[What you should do] In the records below, reproduce exactly the lines from the one containing "益而高 Eagle 打孔机" through the one containing "1、科学打字教学先讲解知识点,再练习,最后过关测试", both included, and omit the pictures.

[Data extract]
===============

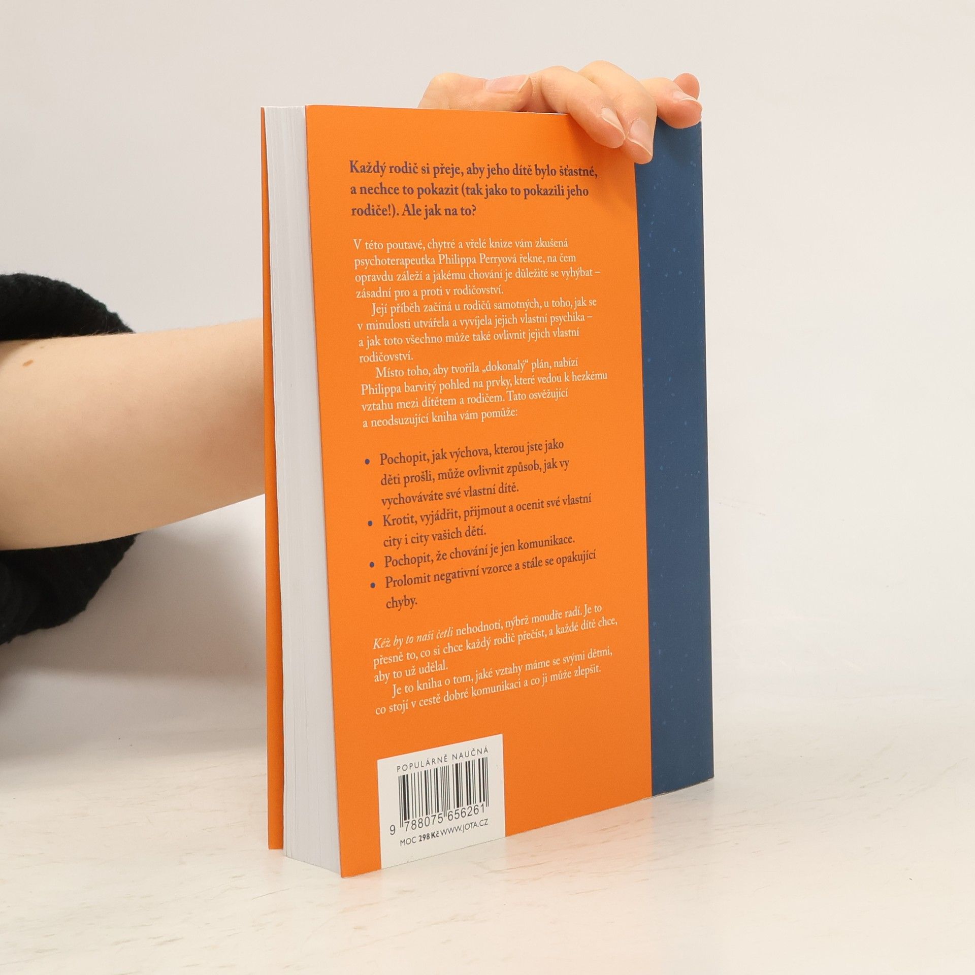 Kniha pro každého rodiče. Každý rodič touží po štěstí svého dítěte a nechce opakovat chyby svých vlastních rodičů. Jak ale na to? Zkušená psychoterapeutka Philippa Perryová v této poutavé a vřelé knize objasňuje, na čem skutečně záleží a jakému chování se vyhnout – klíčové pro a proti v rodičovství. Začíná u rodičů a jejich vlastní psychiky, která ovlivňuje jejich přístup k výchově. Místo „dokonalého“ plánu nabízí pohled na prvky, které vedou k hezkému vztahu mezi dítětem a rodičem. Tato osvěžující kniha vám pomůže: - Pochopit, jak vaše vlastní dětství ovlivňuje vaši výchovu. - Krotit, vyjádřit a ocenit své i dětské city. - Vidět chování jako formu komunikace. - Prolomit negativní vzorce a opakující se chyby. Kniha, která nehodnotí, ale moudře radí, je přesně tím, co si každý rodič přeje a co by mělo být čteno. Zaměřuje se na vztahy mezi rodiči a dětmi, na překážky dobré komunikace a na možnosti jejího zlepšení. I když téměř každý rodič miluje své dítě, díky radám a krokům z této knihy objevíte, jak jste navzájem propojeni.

===============

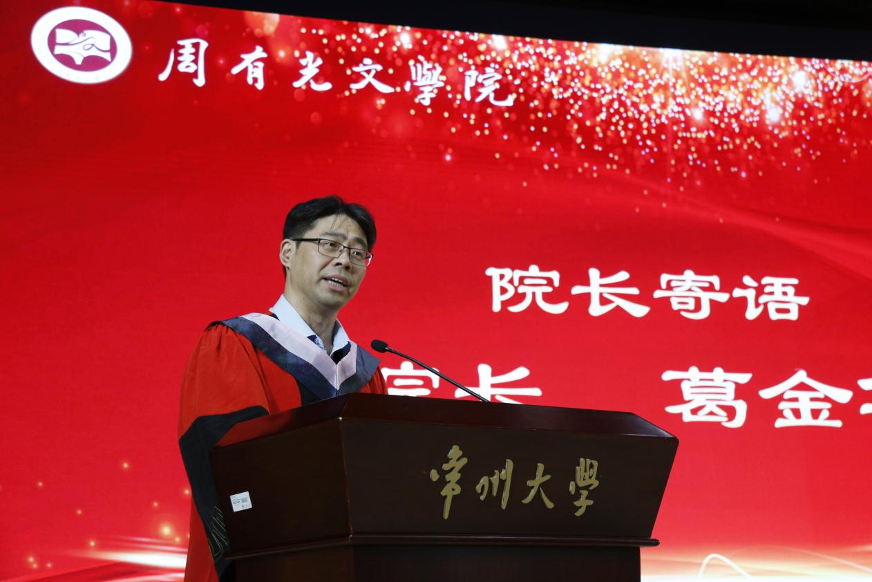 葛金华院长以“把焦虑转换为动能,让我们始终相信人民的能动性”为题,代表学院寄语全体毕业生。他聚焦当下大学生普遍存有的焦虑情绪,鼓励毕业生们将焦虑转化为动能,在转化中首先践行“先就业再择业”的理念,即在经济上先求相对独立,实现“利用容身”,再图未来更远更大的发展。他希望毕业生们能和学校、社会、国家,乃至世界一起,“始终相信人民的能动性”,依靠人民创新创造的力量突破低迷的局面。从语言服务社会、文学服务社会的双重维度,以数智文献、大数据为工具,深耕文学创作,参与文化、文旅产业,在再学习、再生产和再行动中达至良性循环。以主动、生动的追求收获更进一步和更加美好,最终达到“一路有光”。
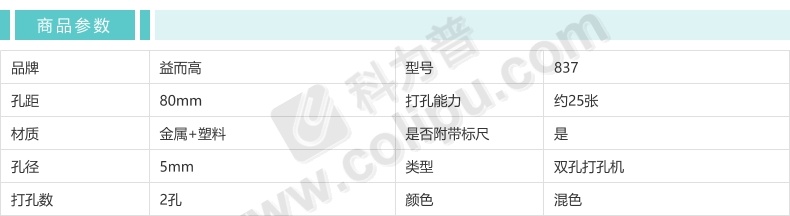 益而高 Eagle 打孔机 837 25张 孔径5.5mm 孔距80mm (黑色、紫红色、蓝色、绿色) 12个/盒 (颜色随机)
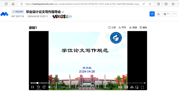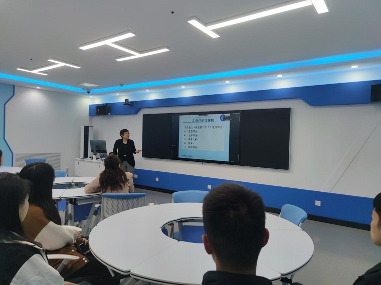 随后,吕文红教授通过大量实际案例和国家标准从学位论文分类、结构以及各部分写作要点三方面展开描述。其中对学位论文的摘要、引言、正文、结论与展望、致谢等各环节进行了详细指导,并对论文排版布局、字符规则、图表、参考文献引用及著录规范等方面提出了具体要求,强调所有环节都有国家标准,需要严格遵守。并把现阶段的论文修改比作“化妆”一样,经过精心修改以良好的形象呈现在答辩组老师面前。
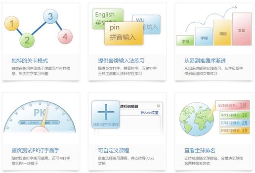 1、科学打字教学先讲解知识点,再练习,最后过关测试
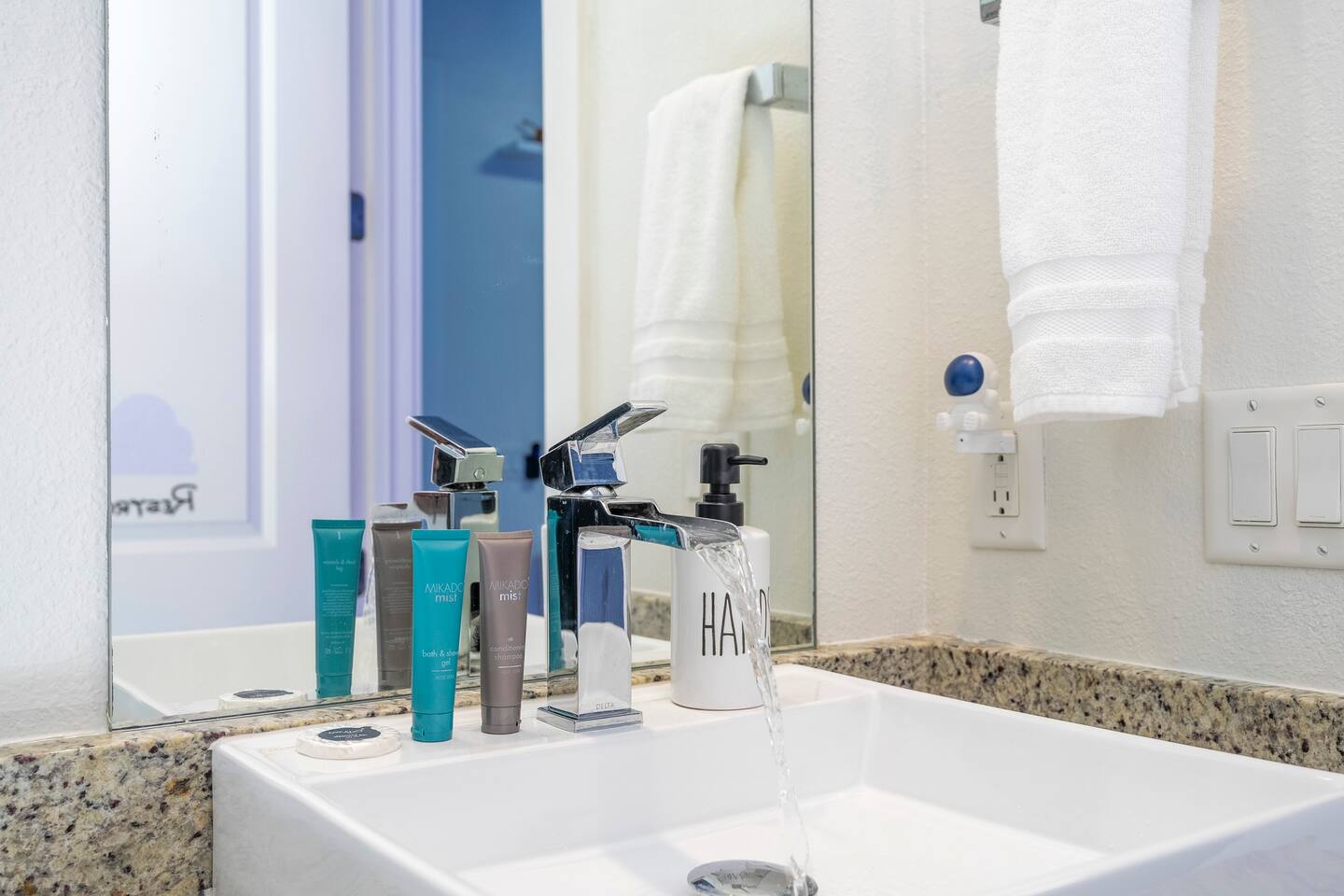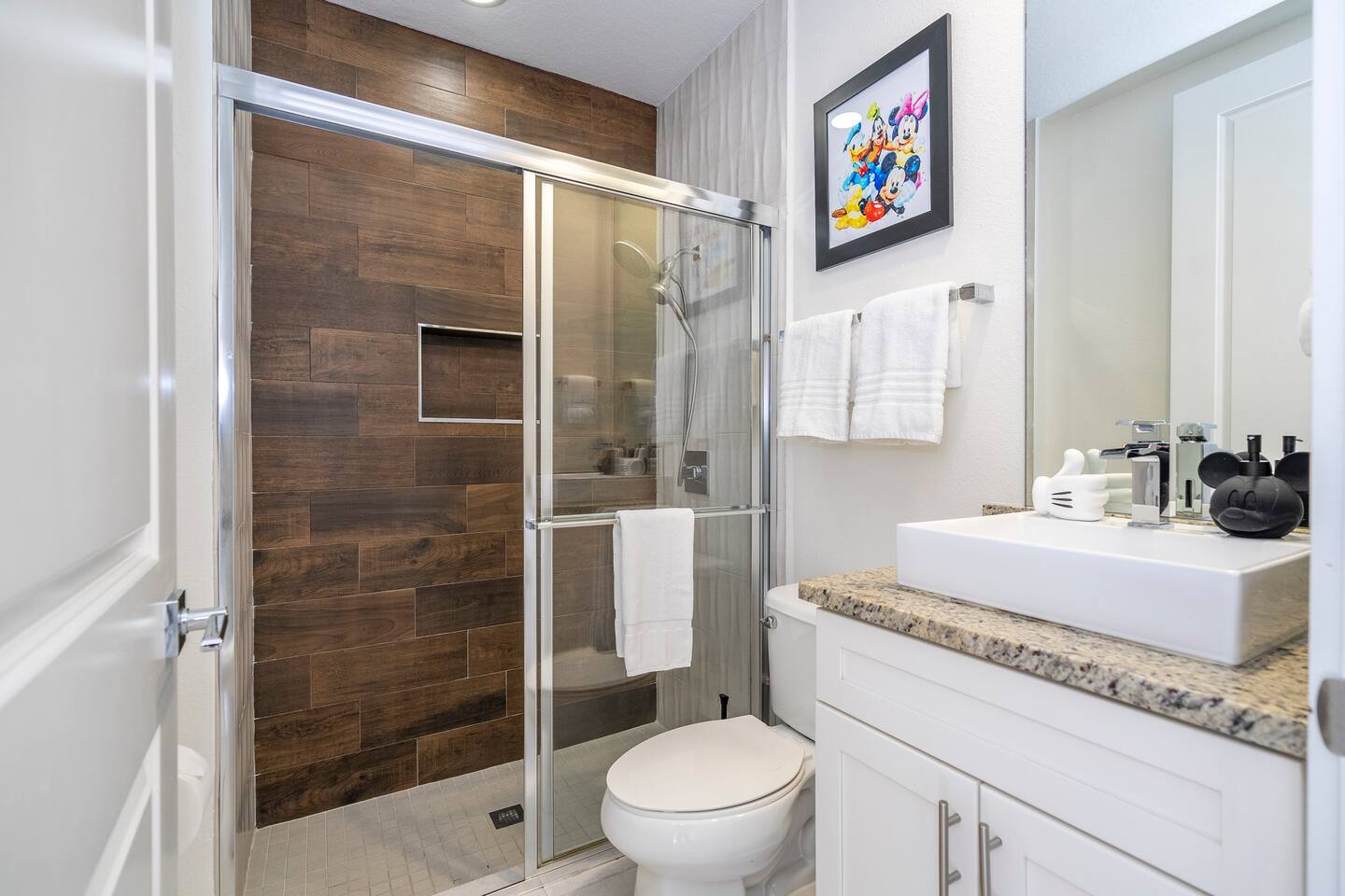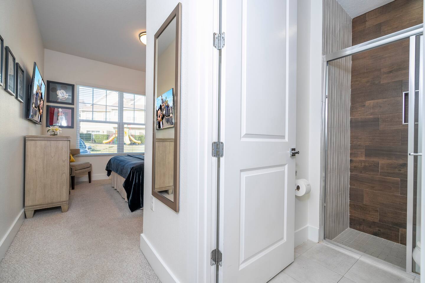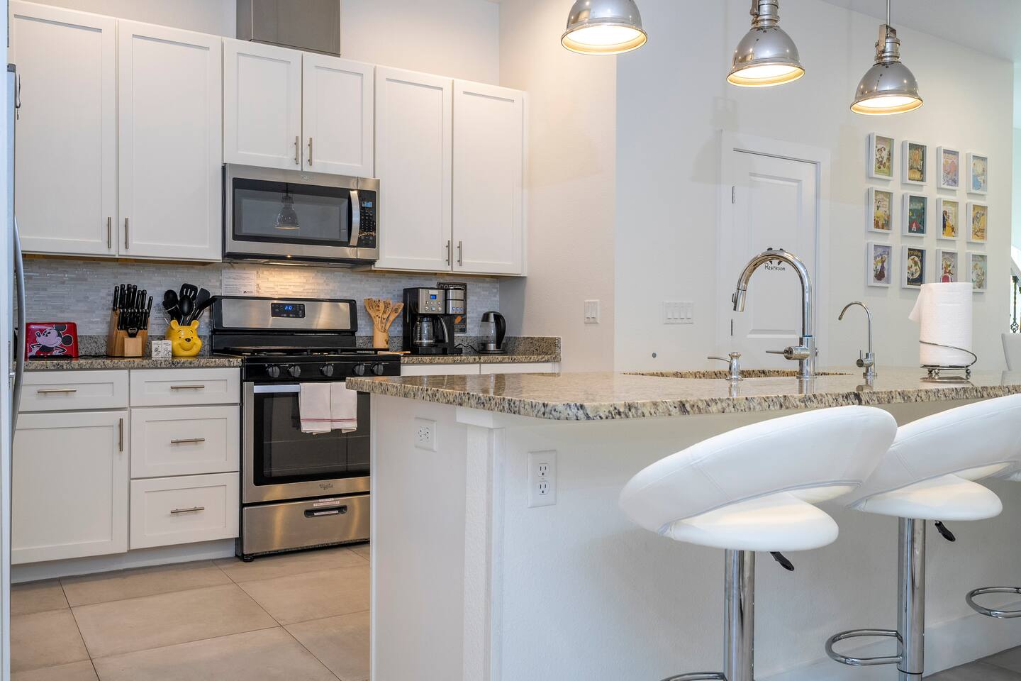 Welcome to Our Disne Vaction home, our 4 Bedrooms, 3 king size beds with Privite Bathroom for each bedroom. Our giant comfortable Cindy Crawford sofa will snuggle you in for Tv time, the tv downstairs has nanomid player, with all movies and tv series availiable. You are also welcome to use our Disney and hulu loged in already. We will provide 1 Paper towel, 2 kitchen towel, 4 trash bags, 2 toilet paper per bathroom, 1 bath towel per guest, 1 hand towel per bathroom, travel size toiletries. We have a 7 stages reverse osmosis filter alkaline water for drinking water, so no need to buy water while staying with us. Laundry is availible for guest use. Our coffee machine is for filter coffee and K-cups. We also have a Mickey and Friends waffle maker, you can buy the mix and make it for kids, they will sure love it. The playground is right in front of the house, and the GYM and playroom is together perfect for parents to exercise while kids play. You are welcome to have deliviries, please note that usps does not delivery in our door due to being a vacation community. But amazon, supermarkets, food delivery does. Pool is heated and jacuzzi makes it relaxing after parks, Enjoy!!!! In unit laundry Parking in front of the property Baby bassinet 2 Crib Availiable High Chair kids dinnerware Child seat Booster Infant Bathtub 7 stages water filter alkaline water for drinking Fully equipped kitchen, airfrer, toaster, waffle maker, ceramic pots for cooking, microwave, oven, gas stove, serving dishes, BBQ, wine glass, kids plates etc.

===============

[Output below]
 益而高 Eagle 打孔机 837 25张 孔径5.5mm 孔距80mm (黑色、紫红色、蓝色、绿色) 12个/盒 (颜色随机)
 随后,吕文红教授通过大量实际案例和国家标准从学位论文分类、结构以及各部分写作要点三方面展开描述。其中对学位论文的摘要、引言、正文、结论与展望、致谢等各环节进行了详细指导,并对论文排版布局、字符规则、图表、参考文献引用及著录规范等方面提出了具体要求,强调所有环节都有国家标准,需要严格遵守。并把现阶段的论文修改比作“化妆”一样,经过精心修改以良好的形象呈现在答辩组老师面前。
 1、科学打字教学先讲解知识点,再练习,最后过关测试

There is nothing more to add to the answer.